BY MATT MENCARINI | SPORTS EDITOR

There’s a great SportscCenter commercial where the anchors simulate what they would do if a show went into a rain delay, killing time as if they were athletes.

I know it never really happens, but I get a kick out of watching Steve Levy and John Anderson pretend to be ballplayers anxious to get back out on the clay. But for some local baseball teams, the end of last week was the real deal, and much longer.

Seabreeze was scheduled to play Melbourne Wednesday, May 1, but that didn’t actually happen until May 6, the same day Father Lopez finally played St. Johns Country Day, which had been postponed since Thursday, May 2.

Both teams were waiting to play the first game of their respective regional tournaments.

At one point, it looked like Seabreeze might play during the weekend. Father Lopez and St. Johns Country Day actually showed up to the field Friday. But a constant downpour nixed those best intentions.

“You look at it both ways,” Seabreeze coach Anthony Campanella said late in the week, before the Melbourne game. “At the end of the season, a lot of these kids are kind of tired. This can be a positive thing where it can give them some rest.
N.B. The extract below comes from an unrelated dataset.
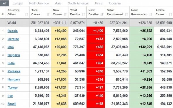 Зараз у світі нараховують понад 18 млн активних випадків захворювання. Вилікувались від недуги понад 227 млн осіб. З початку пандемії підтвердили понад 5 млн смертей від Covid-19.

Or, in our situation, we've been playing so well, so we want to play.”

Both teams were able to get some work in, though, during the delays, although their activities were limited.

“It’s just something we’ve been talking about all year, and that’s adversity,” Father Lopez coach Trevor Berryhill said. “Teams that are going to be successful are going to push through. ... It’s not about the weather or the other team, its about us — stay mentally tough and be ready to play.”

But both coaches also recognized the large part timing and rhythm plays in their sport, and for their teams.

“You just have to hope that the coaches have done a good enough job starting the season (so) that these guys can execute,” Campanella said.

Unlike Levy and Anderson, when the rain delays ended for Seabreeze and Father Lopez, they didn’t get to hop into a chair and read off a teleprompter.

The Sandcrabs and the Green Wave had games to win. Their seasons depended on it.